Two Books About Brave Heroines Finding Their Way Out of Abuse

I enjoy reading novels about women, though lately it seems like there is a  rash of successful ones with the word “girl” in the title, offering unreliable narrators, ambiguous protagonists, and dizzying plot twists. So it’s a relief to recommend new novels offering enthralling tales about brave young heroines without these devices.

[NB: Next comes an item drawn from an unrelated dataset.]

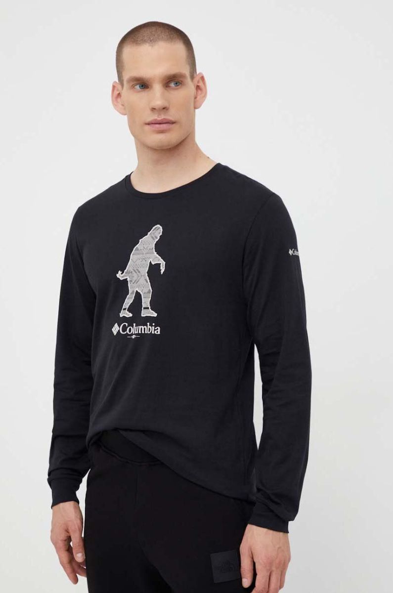Бавовняний лонгслів Columbia колір чорний з принтом
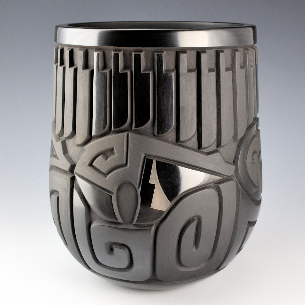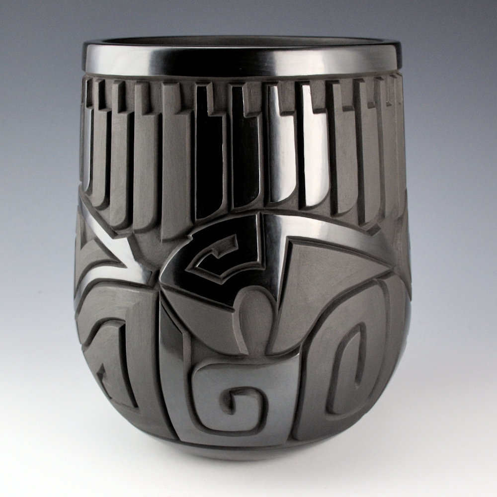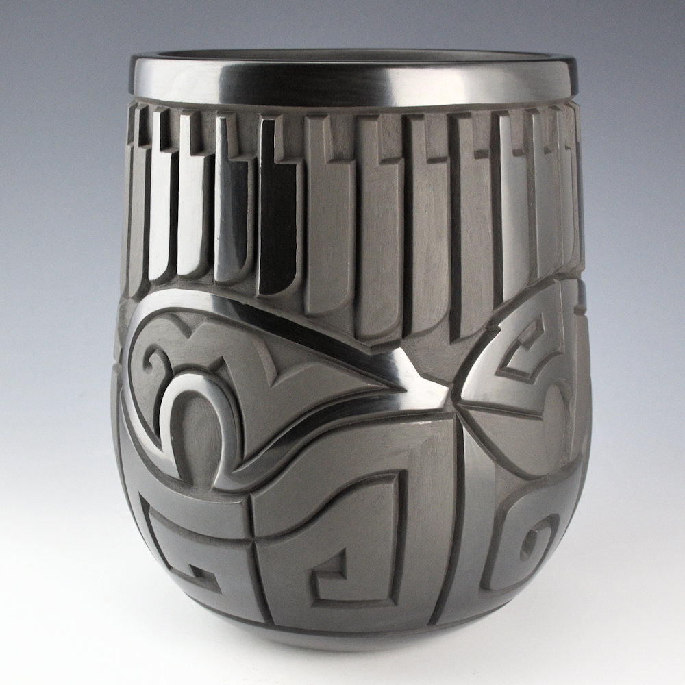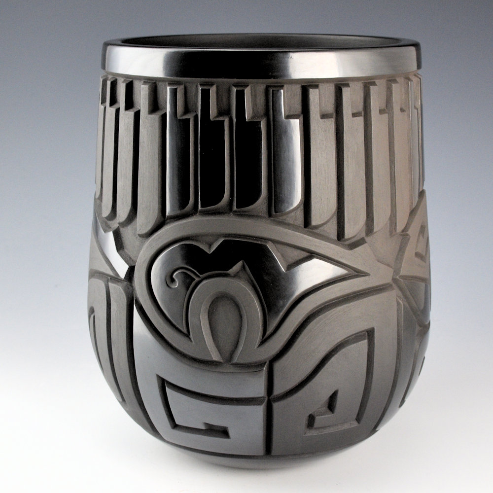 This is a straight shoulder jar by Daniel Begay. The piece is coil-built, carved, stone-polished, and traditionally fired. The jar has 32 carved feather around the neck. They alternate between sections of polished and matte areas. Below are four bears with heartlines. Each one is different. The jar is very deeply carved and Daniel has a beveled appearance to the angle of the cuts into the clay. It is a complex and striking piece! Areas are stone polished to a high shine and create a striking contrast of matte and polished surfaces on this jar. The jar is signed on the bottom in the clay, “Daniel Begay ’25”.

Though the art of war may have changed through the use of cyber technology, a new bestseller demonstrates that conflicts between men and women remain stubbornly familiar. The Great Alone by Kristin Hannah begins in 1974. Her protagonist is a young teenager as who falls in love with the supportive, sensitive boy-next-door, literally the only boy next door. Matthew is both her nearest neighbor and also the only other teen in her class, because they live on a remote part of the Kenai Peninsula, in an equally remote part of Alaska.

While Matthew’s parents, who are third generation Alaskans with deep roots in the community, are wealthy by local standards, Leni’s family arrive full of unrealistic ideas and not much else. Her father, Ernt Allbright, has inherited a small cabin from a fellow Vietnam vet, but when they conclude their long journey into one of Alaska’s wildest areas, they find an abandoned shack with no utilities. Having few resources or skills, they must rely heavily on the support of the tight community to survive the treacherous Alaskan landscape and weather.

Ernt, traumatized by his war experiences, arrives seething with resentment, survivalist fantasies, and conspiracy theories. Egged on by fellow misfits and oddballs scattered about the small village and its environs, his paranoia—and his drinking—becomes especially dark during the long, sunless winters. And Ernt, increasingly envious and angry at Matthew’s privileged and respected father, is abusive to his own devoted wife, Cora, whom he suspects of being attracted to the other man. These sins of the father in turn set up a Capulet/Montague scenario for the young lovers.

The novel presents a vivid portrait of a classically abusive relationship. We watch as Ernt controls and demeans Cora, progressively weakening her sense of self and dominating her. Their fights and reconciliations are the stuff of dangerous liaisons throughout history. Cora, clinging to the delusion that her husband’s anger is part of his passion, empathizes with his pain and cannot break away from him. But their daughter, Leni, whose love for Matthew opens up new horizons, realizes that the family is on the path to ruin. Unable to persuade Cora  to leave, she wrestles with the painful choice to save herself and abandon her mother, or possibly perish with her.